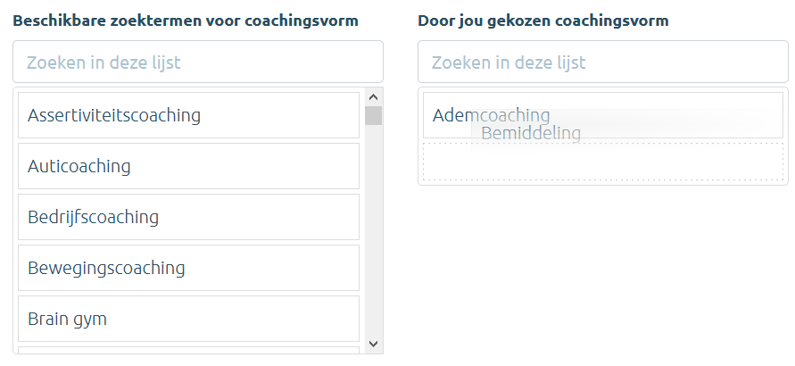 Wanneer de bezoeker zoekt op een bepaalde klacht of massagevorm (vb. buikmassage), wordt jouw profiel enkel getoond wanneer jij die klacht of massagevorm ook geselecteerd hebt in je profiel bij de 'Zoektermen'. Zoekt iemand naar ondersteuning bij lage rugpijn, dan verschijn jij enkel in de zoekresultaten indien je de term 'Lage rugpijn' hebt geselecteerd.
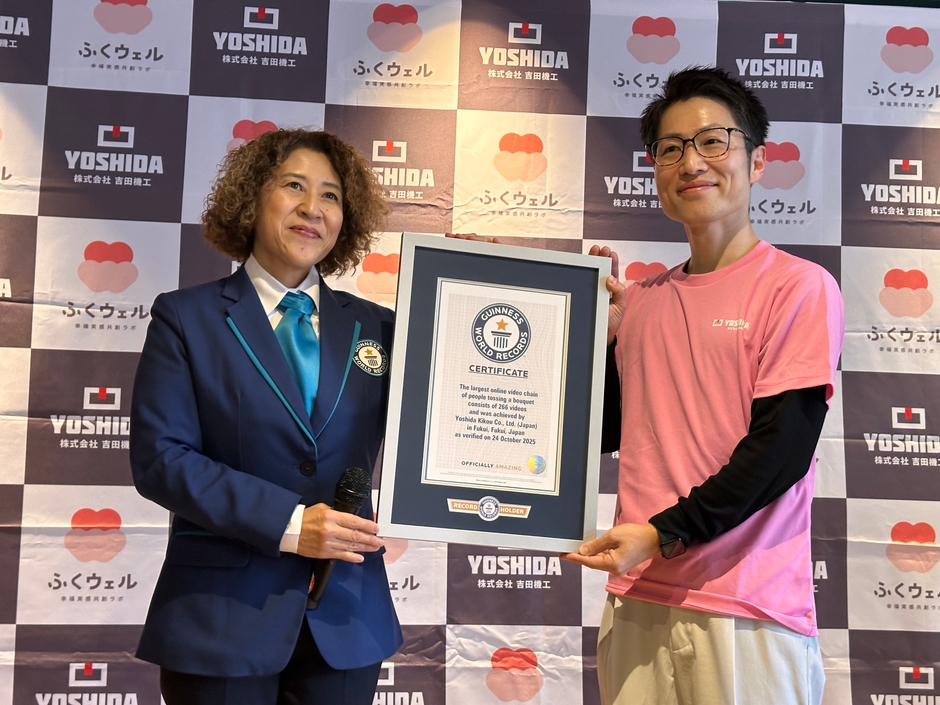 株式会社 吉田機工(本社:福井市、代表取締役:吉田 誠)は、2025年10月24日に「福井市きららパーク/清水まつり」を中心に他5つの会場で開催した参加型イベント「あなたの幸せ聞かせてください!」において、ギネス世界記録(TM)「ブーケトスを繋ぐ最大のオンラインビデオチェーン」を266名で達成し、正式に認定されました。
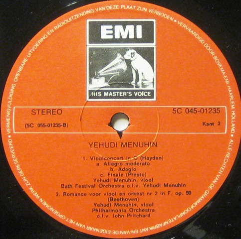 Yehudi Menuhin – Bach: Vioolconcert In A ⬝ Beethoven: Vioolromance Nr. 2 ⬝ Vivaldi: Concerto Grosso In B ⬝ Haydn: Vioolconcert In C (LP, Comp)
☆ ☆ ☆ ☆
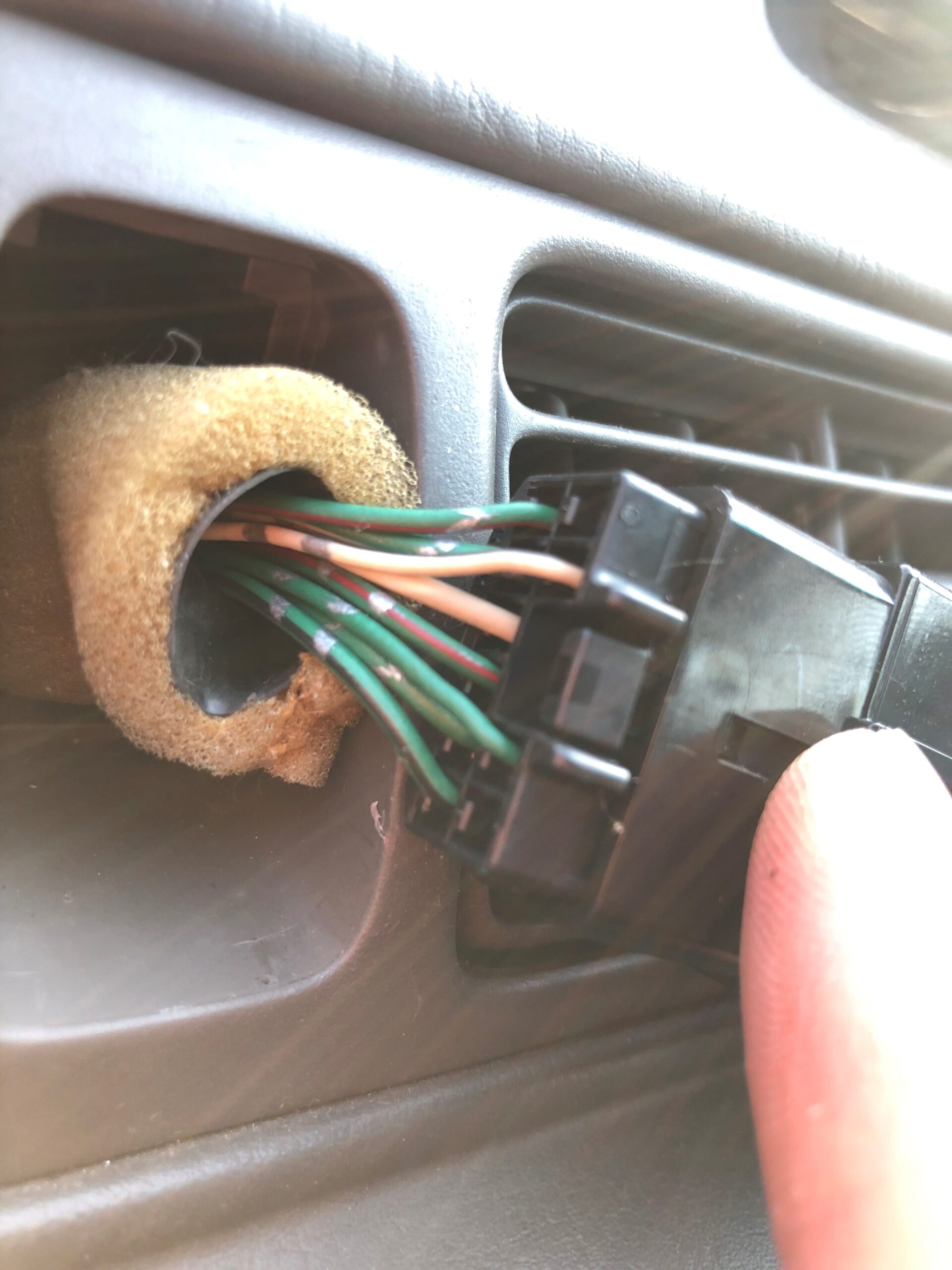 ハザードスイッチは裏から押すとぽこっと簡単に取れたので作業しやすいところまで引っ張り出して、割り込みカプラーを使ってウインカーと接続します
☆ ☆ ☆ ☆
:: Exercise directions ::
Go back to the listing above and reproduce, exactly, the stretch from the line bearing "Wanneer de bezoeker" through the line bearing "Yehudi Menuhin –", without its pictures.

:: Task response ::
 Wanneer de bezoeker zoekt op een bepaalde klacht of massagevorm (vb. buikmassage), wordt jouw profiel enkel getoond wanneer jij die klacht of massagevorm ook geselecteerd hebt in je profiel bij de 'Zoektermen'. Zoekt iemand naar ondersteuning bij lage rugpijn, dan verschijn jij enkel in de zoekresultaten indien je de term 'Lage rugpijn' hebt geselecteerd.
 株式会社 吉田機工(本社:福井市、代表取締役:吉田 誠)は、2025年10月24日に「福井市きららパーク/清水まつり」を中心に他5つの会場で開催した参加型イベント「あなたの幸せ聞かせてください!」において、ギネス世界記録(TM)「ブーケトスを繋ぐ最大のオンラインビデオチェーン」を266名で達成し、正式に認定されました。
 Yehudi Menuhin – Bach: Vioolconcert In A ⬝ Beethoven: Vioolromance Nr. 2 ⬝ Vivaldi: Concerto Grosso In B ⬝ Haydn: Vioolconcert In C (LP, Comp)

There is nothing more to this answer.